Text analytics and Searching for Profanity

Learn Aster
Teradata Employee

First of all please accept my apologies for the use of pseudo profanity.  This is a real request I received this week and I thought I would share.

I was just recently asked by a client to extract profanity from client notes and other sources.  I found it to be a very simple use case and wanted to share it with the community.  I am sure there is more to this use case than just the matter at hand and hope to go back to them for the rest of the story.  They wanted to learn how to use a dictionary to find profanity in client/customer complaints.  I really do want to learn more about what they are trying to accomplish.

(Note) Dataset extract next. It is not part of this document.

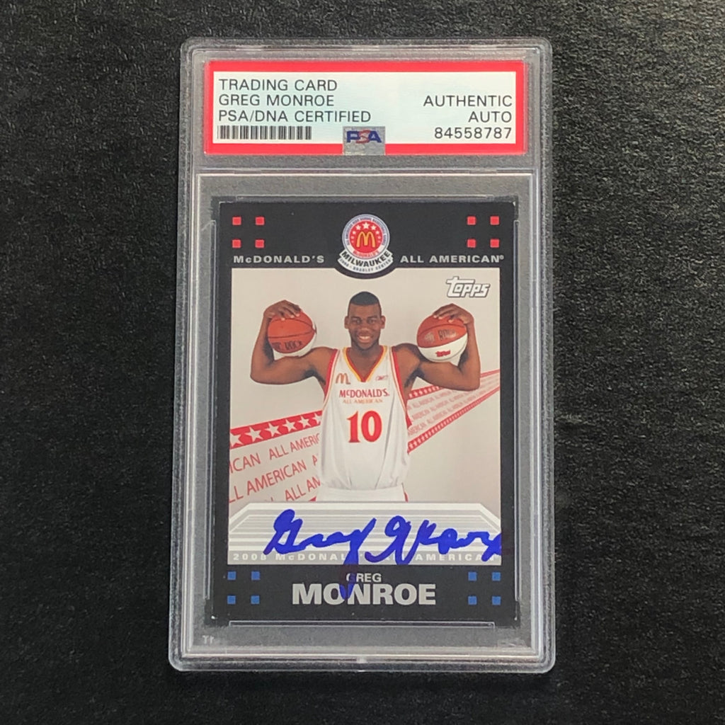 Up for sale is a 2008 Topps McDonald's All American #GM card signed by Greg Monroe who notably played for the Detroit Pistons. The autograph of Greg on this card was authenticated by a team of experts at PSA/DNA Authentication Services (PSA/DNA) and encapsulated so you can rest assured you are purchasing the real deal.

In pre 6.10 versions of Aster you would have to load a dictionary file on to the Aster Queen and then install that file.  This was a very cumbersome way of doing this and for some impossible as the queen might be locked down.  Now you can build an Aster table and load that dictionary. 

To implement this in Aster is very easy.  You create two tables and use one SQL-MR function.  The description and DDL is below.

  •      There is a dictionary table that holds the words or things you want to find:  dict
  •      There is a complaints or source table that holds the text you want to search:  complaint
  •       We then use the NER SQL-MR function in Aster to find the dict items contained in the complaints table.  Named entity recognition (NER) is a process for finding mentions of specified         entities in text.  For example, a simple news named-entity recognizer for English might find the person “John J. Smith” and the location “Seattle” in the text string “John J. Smith lives in       Seattle.”

--dict contains the dictionary of words you want to search for and  index:

CREATE TABLE dict (

        type VARCHAR,

          dict VARCHAR

)

DISTRIBUTE BY REPLICATION;

--Entries in the dict table:

type                     dict    

-------                 --------

LVL1                crap    

LVL2                bullshat

LVL3                fack 

--This table contains the actual customer notes or complaints to search through using the dict table entries.

CREATE TABLE complaint(

         id  INTEGER,

         complaint VARCHAR

)

DISTRIBUTE BY HASH(id);

id           complaint

-----      ------------------------------------------

2           This thing is bullshat

1           Please dont even pretend to give a crap   

3           The customer service rep didnt give a fack

3 record(s) selected [Fetch MetaData: 0ms] [Fetch Data: 203ms]

[Executed: 4/5/2016 9:20:05 PM] [Execution: 81ms]

--This is the single SQL-MR statement to look for the profanity in the complaint table from the terms used in the dict table.

SELECT * FROM NER(

ON complaint PARTITION BY ANY

ON dict as dict DIMENSION

TEXTCOLUMN('complaint')

ACCUMULATE('id', 'complaint')

);

id           complaint                                                           sn     entity            type                start          end      approach   

-----       ------------------------------------------                -----  ---------         -------            --------      ------       -----------

2           This thing is bullshat                                         1      bullshat           LVL2               4           4           DICT       

1           Please dont even pretend to give a crap             1      crap                LVL1                8           8           DICT       

3           The customer service rep didnt give a fack        1      fack                LVL3               8           8           DICT       

3 record(s) selected [Fetch MetaData: 0ms] [Fetch Data: 8s]

[Executed: 4/5/2016 9:12:55 PM] [Execution: 8s]